Faecal calprotectin is useful in differentiating IBS and IBD, or other organic GI disorders. Calprotectin is a calcium-binding protein found in neutrophils, shed in the stool of patients with an inflamed bowel. Calprotectin has high sensitivity (96%) and specificity (93%) for the detection of IBD. Calprotectin is very useful in ruling out IBD, potentially eliminating the need for a colonoscopy. However, an increased calprotectin level has also been reported in colorectal cancer and diverticular disease.

It is often difficult to decide when to refer a suspected IBS patient for an endoscopy.

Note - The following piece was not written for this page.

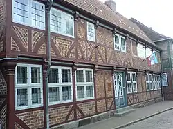 Das breite, zweistöckige Gebäude ist aus Backstein und in Fachwerk errichtet. Die Fächer sind reich in unterschiedlichen Formen gestaltet und die einzelnen Geschosse kragen in Richtung der Straße leicht vor. 1928 entging das Haus nur knapp einem Abriss und wurde in der Folgezeit saniert. Eine weitere, umfangreiche Sanierung fand von 1988 bis 1989 statt.

A referral for gastroscopy or colonoscopy is advisable in patients with alarm symptoms, an abnormal screening test (such as calprotectin or coeliac serology), or if the patient is refractory to symptom-based therapy. We would also advise endoscopic investigation in the patient where there is diagnostic uncertainty.

General practitioners and specialists need to make a definitive diagnosis of IBS after performing the appropriate tests, as without a diagnosis, IBS patients continue to search for an alternative diagnosis despite numerous negative investigations, fearful that something remains undetected. Once reasonable investigations are negative, effective management strategies can be implemented.

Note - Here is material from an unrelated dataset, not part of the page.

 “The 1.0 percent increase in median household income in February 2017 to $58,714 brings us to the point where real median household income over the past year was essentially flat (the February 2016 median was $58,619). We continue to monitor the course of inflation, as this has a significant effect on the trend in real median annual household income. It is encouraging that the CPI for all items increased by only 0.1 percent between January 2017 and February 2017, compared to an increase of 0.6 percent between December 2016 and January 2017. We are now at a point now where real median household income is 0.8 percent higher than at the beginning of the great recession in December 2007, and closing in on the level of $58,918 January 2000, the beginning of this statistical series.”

Many patients identify food as a trigger for their IBS symptoms. In IBS, true food allergies are uncommon; however food intolerances, especially to fermentable oligo-, di- and mono-saccharides and polyols (FODMAPs), are increasingly recognised. FODMAPs are rapidly fermentable carbohydrates that are poorly absorbed leading to increased fermentation in the small bowel or colon. Hydrogen/ methane breath testing enables detection of carbohydrate malabsorption and facilitates the development of a targeted and evidence-based exclusion diet to manage IBS symptoms. A low FODMAP diet supervised by a suitably qualified dietitian/nutritionist relieves IBS symptoms in up to 75% of IBS sufferers, and patients typically respond within 1-2 weeks of initiation of the diet. Diarrhoea- and bloating-predominant IBS are the most likely subtypes to respond. A low FODMAP diet is not intended to be a long-term strategy and gentle FODMAP re-introduction is encouraged, as a reduction in the microbiome load and diversity have been noted following long-term FODMAP exclusion.

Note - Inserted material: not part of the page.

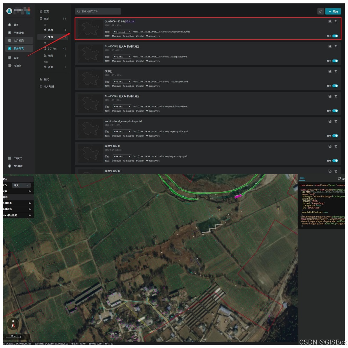 7、生成的服务地址可直接运用到cesium等GIS引擎或数字孪生项目中,如山海鲸可视化。

Various other medical and behavioural interventions, including cognitive behavioural therapy, have also proven effective in randomised clinical trials. Unfortunately, the majority of treatments which are able to modify symptoms do not alter the course of the condition. While a subgroup of patients shows benefit from pharmacological therapy, the effect is disappointing, and at best is only 15% better than placebo.

A paradigm shift may be required for those health care professionals who view IBS as a diagnosis of exclusion and are uncomfortable relying solely on symptoms for diagnosis. Evidence suggests that a diagnosis of IBS can be confidently made for patients who fulfil the symptom-based criteria and have no concerning features because the yield of extensive diagnostic testing is low.

References

  • Irritable bowel syndrome: a clinical review. Chey WD, Kurlander J, Eswaran S. JAMA. 2015 Mar;313(9):949–58.
  • Functional Gastrointestinal Disorders: History, Pathophysiology, Clinical Features and Rome IV. Drossman DA. Gastroenterology. 2016 May;150(6):1262–79.
  • A Practical Evidence-Based Approach to the Diagnosis of Functional Gastrointestinal Disorders. Kellow JE. Am J Gastroenterol. 105:743–746.
  • Faecal calprotectin testing for differentiating amongst inflammatory and non-inflammatory bowel diseases: systematic review and economic evaluation. Waugh N. Health Technol Assess. 2013 Nov;17(55).
  • A diet low in FODMAPs reduces symptoms of irritable bowel syndrome. Halmos EP, Power VA, Shepherd SJ, Gibson PR, Muir JG. Gastroenterology. 2014 Jan;146(1):67–75.